Assim, nem toda característica física ou psíquica da pessoa que destoe do que é considerado socialmente convencional é tida como doença. Nem toda doença gera deficiência, do mesmo modo que há deficiência que não corresponde, necessariamente, a uma entidade nosológica.
A doença, a deficiência ou qualquer outra qualidade da qual se revista a pessoa pode ou não gerar dificuldade de expressão da vontade. “(...) A doença não é causa necessária de deficiência e nem aquela e nem essa, por si só, são causa de incapacidade.”6Logo, caso essa dificuldade se verifique, cabe aferir se ela é, no caso específico, suficiente para que se constitua a incapacidade relativa e para que se justifique a atribuição de uma medida de cuidado, sua espécie, extensão e duração.
Por conseguinte a deficiência, em qualquer das suas formas, não é mais – por si só – causa para a decretação da incapacidade relativa.

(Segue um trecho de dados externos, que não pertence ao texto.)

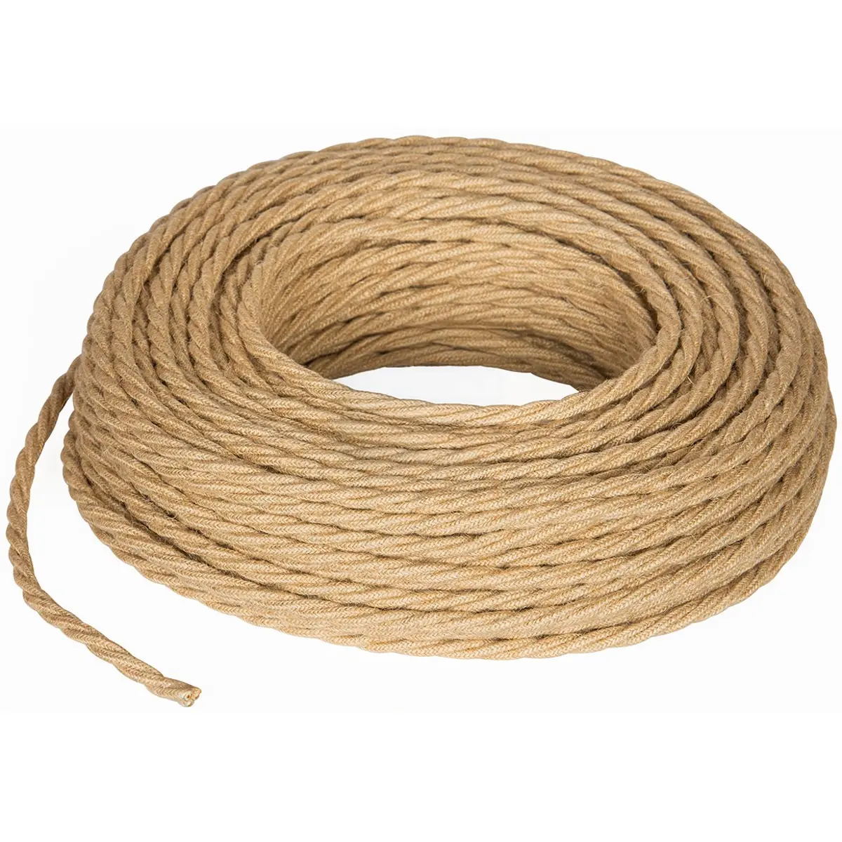 Cabo flexível com revestimento têxtil tipo corda de juta, ideal para projetos de iluminação decorativa em ambientes interiores. Combina estética rústica com funcionalidade, sendo indicado para instalações móveis no interior de habitações. É especialmente utilizado na cablagem de candeeiros suspensos, luminárias vintage e outros dispositivos de iluminação.

Apenas a impossibilidade de exprimir a própria vontade, por causa transitória ou permanente, autoriza a incapacitação relativa.7
Mais do que a detecção de deficiência, importa aferir, por meio de equipe multidisciplinar, se a deficiência afeta o potencial para a expressão da vontade, conforme preleciona Iara Antunes de Souza:8“Se cabe à equipe multidisciplinar verificar a deficiência, também cabe a ela avaliar se, excepcionalmente, a deficiência afeta a autodeterminação da pessoa, ou seja, afeta seu discernimento para exercer atos da vida civil”.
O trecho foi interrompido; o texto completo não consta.